▶ **Your assignment**
I'd ask you to write out the lines below exactly, with no images.

▶ **Information shown**
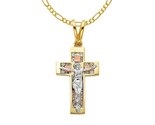 - Genuine 14k Tri-tone Gold 1.45" Cubic Zirconia Fancy Crucifix Necklace 16" to 24
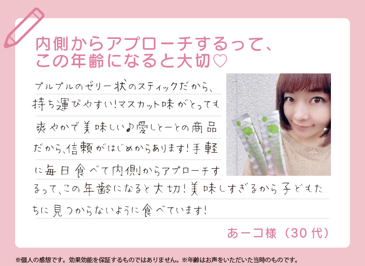 果糖ぶどう糖液糖(国内製造)、コラーゲンペプチド(ゼラチンを含む)、砂糖、マスカット果汁/ゲル化剤(増粘多糖類)、pH調整剤、香料、パントテン酸Ca
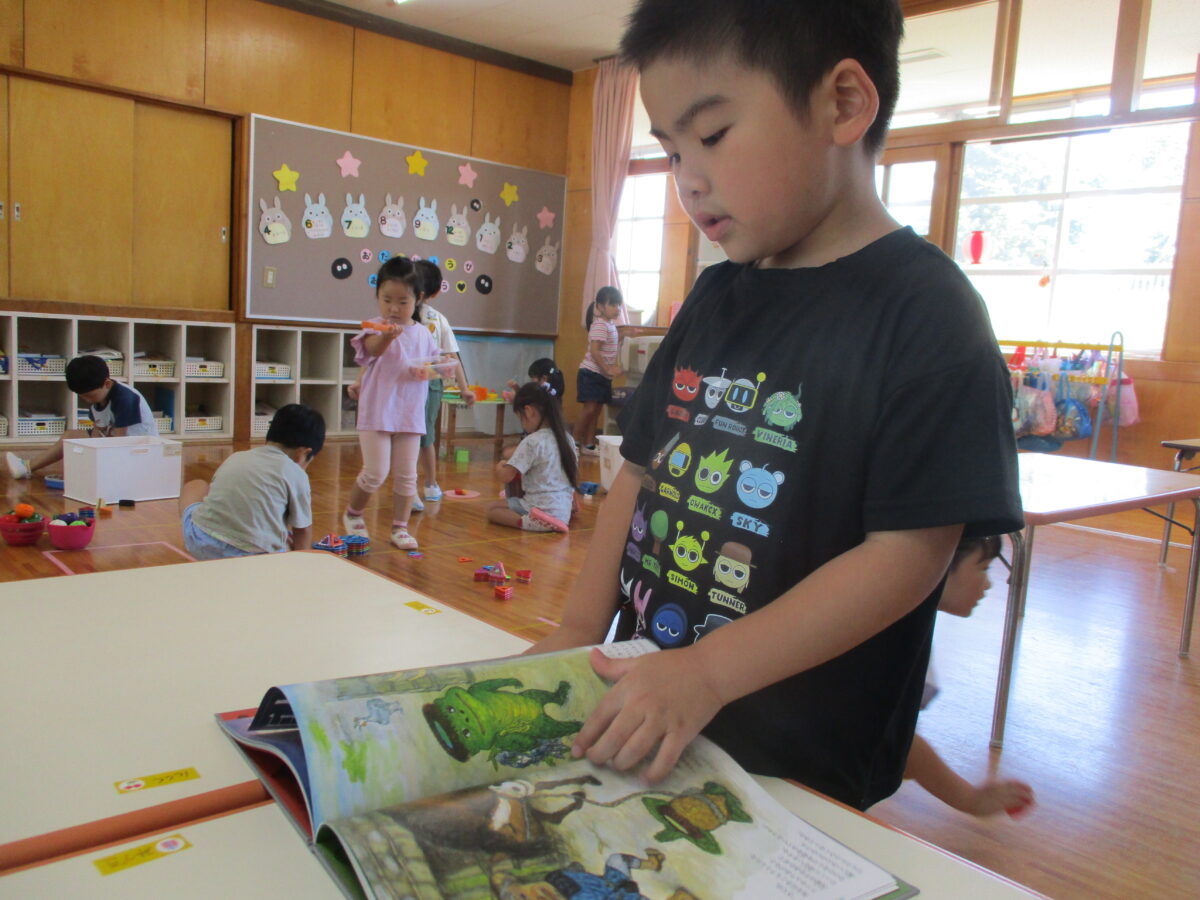 新しい絵本を購入してもらい、早速楽しんでいます。

▶ **Problem solution**
 - Genuine 14k Tri-tone Gold 1.45" Cubic Zirconia Fancy Crucifix Necklace 16" to 24
 果糖ぶどう糖液糖(国内製造)、コラーゲンペプチド(ゼラチンを含む)、砂糖、マスカット果汁/ゲル化剤(増粘多糖類)、pH調整剤、香料、パントテン酸Ca
 新しい絵本を購入してもらい、早速楽しんでいます。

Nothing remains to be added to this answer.